Share via


Tracing Data Model

This document provides a detailed overview of the MLflow Trace data model. Understanding this model is key to leveraging MLflow Tracing for observability and analysis of your Generative AI applications.

MLflow Traces are designed to be compatible with OpenTelemetry specifications, a widely adopted industry standard for observability. This ensures interoperability and allows MLflow Traces to be exported and used with other OpenTelemetry-compatible systems. MLflow enhances the basic OpenTelemetry Span model by defining specific structures and attributes for Generative AI use cases, providing richer context and deeper insight into quality and performance.

Structure of Traces

At a high level, an MLflow Trace is composed of two primary objects:

  1. TraceInfo:
    • Metadata that aids in explaining the origination of the trace, the status of the trace, information about the total execution time, etc.
    • Tags that provide additional context for the trace, such as the user, session, and developer-provided key:value pairs. Tags can be used for searching or filtering traces.
    • Assessments that let you add structured feedback labels from humans or LLM judges or ground truth information to a trace or specific spans within a trace.
  2. TraceData:
    • The actual payload, which contains the instrumented Span objects that capture your application's step-by-step execution from input to output.

Tip

Check the API documentation for helper methods on these dataclass objects for more information on how to convert or extract data from them.

Trace Architecture

1. Trace Info

The TraceInfo within MLflow's tracing feature aims to provide a lightweight snapshot of critical data about the overall trace. TraceInfo is a dataclass object that contains metadata about the trace.

This metadata includes information about the trace's origin, status, and various other data that aids in retrieving and filtering traces when used with mlflow.client.MlflowClient.search_traces and for navigation of traces within the MLflow UI. To learn more about how TraceInfo metadata is used for searching, you can see examples here.

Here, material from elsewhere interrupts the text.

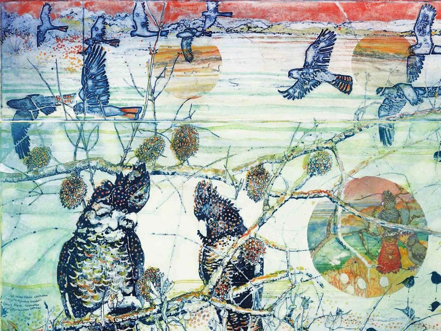 Janet’s etchings incorporate multiple printmaking process including multiple plates with different colours, as well as chine collé, archival digital print and hand-painted elements. Her work is inspired from her inner world, her family and the landscape of the Adelaide Hills and her childhood home on Kangaroo Island.

Parameter Data Type Description
trace_id str The primary identifier for the trace.
trace_location TraceLocation The ___location where the trace is stored, represented as a :py:class:~mlflow.entities.TraceLocation object. MLflow currently support MLflow Experiment or Databricks Inference Table as a trace ___location.
request_time int Start time of the trace, in milliseconds.
state TraceState State of the trace, represented as a :py:class:~mlflow.entities.TraceState enum. Can be one of [OK, ERROR, IN_PROGRESS, STATE_UNSPECIFIED].
request_preview Optional[str] Request to the model/agent, equivalent to the input of the root span but JSON-encoded and can be truncated.
response_preview Optional[str] Response from the model/agent, equivalent to the output of the root span but JSON-encoded and can be truncated.
client_request_id Optional[str] Client supplied request ID associated with the trace. This could be used to identify the trace/request from an external system that produced the trace, e.g., a session ID in a web application.
execution_duration Optional[int] Duration of the trace, in milliseconds.
trace_metadata dict[str, str] Key-value pairs associated with the trace. They are designed for immutable values like run ID associated with the trace.
tags dict[str, str] Tags associated with the trace. They are designed for mutable values, that can be updated after the trace is created via MLflow UI or API.
assessments list[Assessment] List of assessments associated with the trace.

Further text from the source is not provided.